Со времени принятия в 1609 г. торгоутского владельца Хо-Урлюка в российское подданство отношения между Россией и образовавшимся в низовьях Волги калмыцким ханством строились на договорной основе. Частые распри между представителями ханской династии и обращения калмыцких правителей к «белому царю» за поддержкой и посредничеством создавали благоприятные условия для вмешательства имперских властей во внутренние дела Калмыцкого ханства. После смерти в 1724 г. калмыцкого хана Аюки уже и сам вопрос о ханском престолонаследии стал решаться в Санкт-Петербурге. 22 февраля 1725 г. Черен-Дондук, сын от младшей, третьей жены хана Аюки, указом Екатерины I был утвержден наместником Калмыцкого ханства. Через шесть лет - 17 февраля 1731 г. - Анна Иоанновна жалует Черен-Дондука ханским титулом. С царским назначением не согласились внуки хана Аюки от старших сыновей. В 1731 г. крещеный владелец Петр Тайшин информировал императрицу и государственных сановников, что Черен-Дондук верховным калмыцким правителем назначен неправильно: «Нашей калмыцкой традиции первой жены первому сыну надлежало быть ханом». Следовательно, наследником должен был стать сын от старшей жены Аюки хана, его отец Чакдоржап, а после смерти отца - старший брат Петра - Дасанг, к тому времени уже умерший. Следующим в очереди на престол стоял внук от второй жены Аюки - Дондук-Омбо14.
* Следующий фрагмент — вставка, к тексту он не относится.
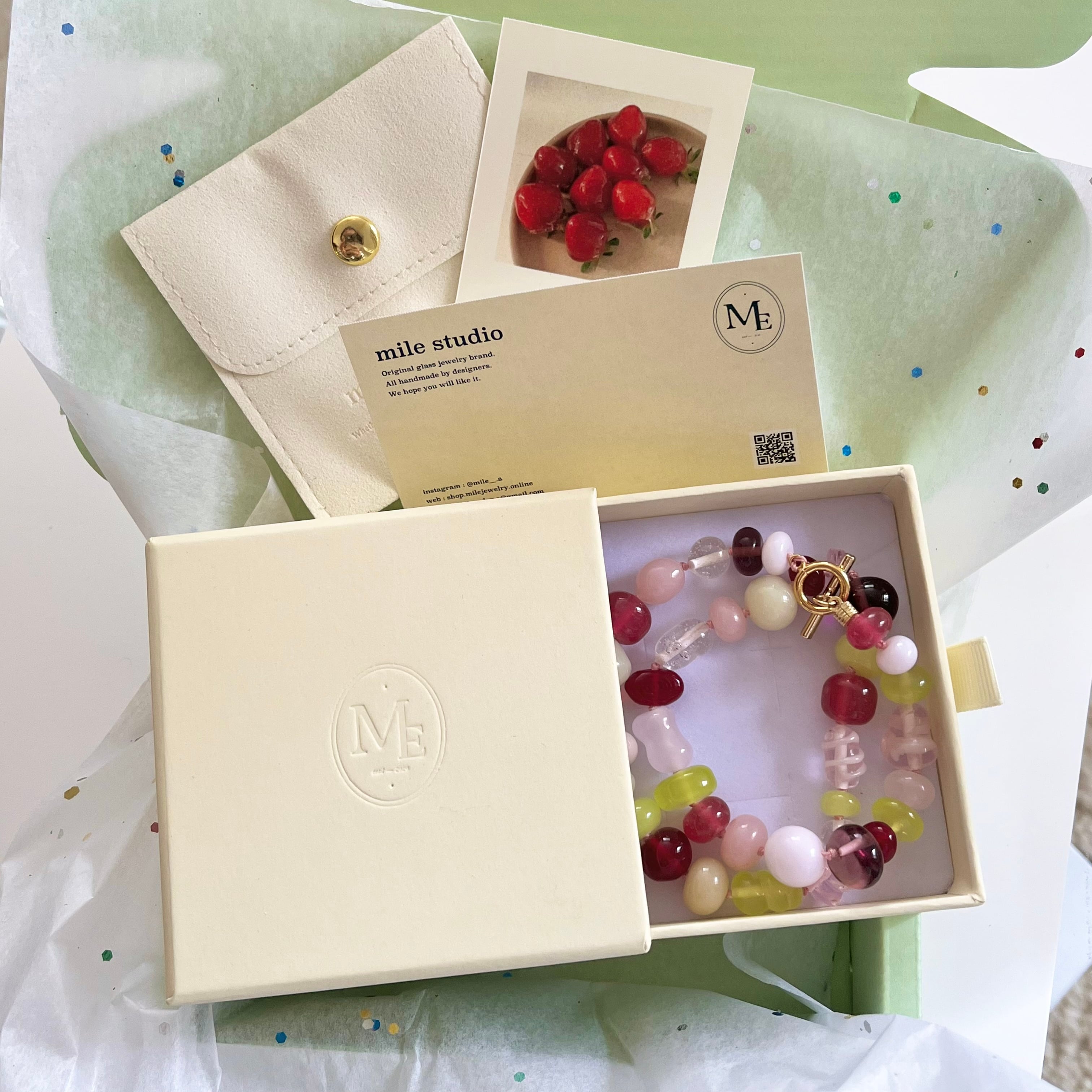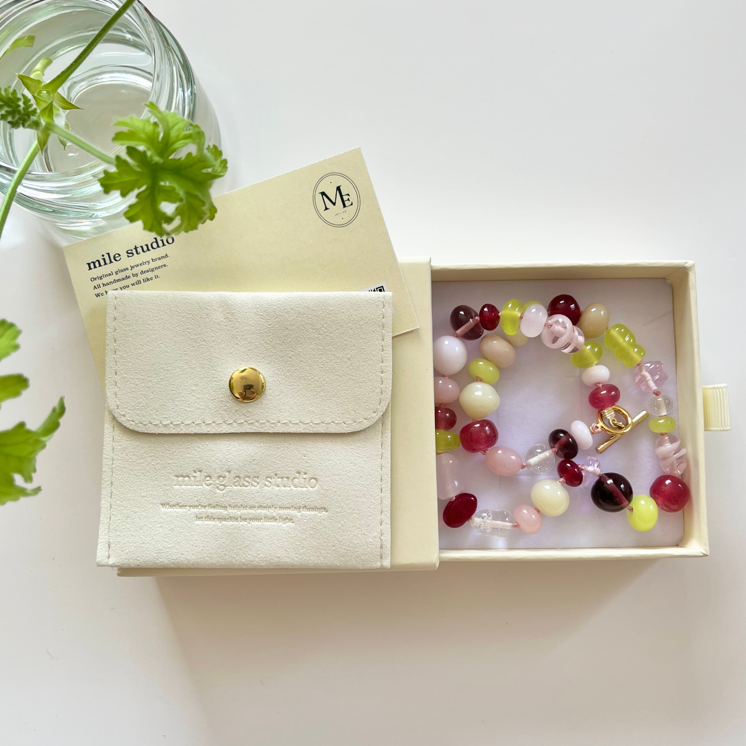 淡い色合いのビーズを丁寧に組み合わせ、春の光にきらめく“やわらかな透明感”を表現しました。

13 ГосудареваМ.Ю. К вопросу о дипломатической подготовке русско-турецкой войны 17351739 гг. // Человек, образ, слово в контексте исторического времени и пространства: материалы Всероссийской научно-практической конференции, 23-24 апреля 2015 г., Рязанский университет имени С.А. Есенина. Рязань, 2015. С. 192-193.

14 АВП РИ (Архив внешней политики Российской империи). Ф. 119. Оп. 119/1. Д. 15. Л. 2-2 об.

Дондук-Омбо и Петр Тайшин решились на открытое неповиновение. Они договорилась после свержения Черен-Дондука разделить Калмыцкое ханство между собой. Против них был направлен генерал-поручик князь Иван Федорович Барятинский с войском, состоявшим из 6 драгунских, 2 пехотных полков, отрядов донских и волжских казаков и небольших команд калмыков, сохранявших верность Черен-Дондуку. Единственным успехом предпринятого Барятинским похода стало задержание в Красном Яре Петра Тайшина15. Дондук-Омбо удалось уйти на Кубань под покровительство Крымского хана и турецкого султана. Оставаясь недосягаемым для русской армии, мятежный владелец в течение трех лет продолжал совершать набеги на ханские улусы и переманивать на свою сторону влиятельных родственников. В итоге к 1735 г. во владении Дондук-Омбо и присоединившихся к нему владельцев оказалось до 28 тыс. кибиток (семей), из которых более 10 тыс. были им захвачены и присоединены к собственному улусу. У хана Черен-Дон-дука и немногочисленных его знатных сторонников оставалось не более 10 тыс. кибиток. При этом Дондук-Омбо не прекращал сношений с царским двором, но главным условием своего возвращения на Волгу называл передачу ему верховного управления калмыцким народом.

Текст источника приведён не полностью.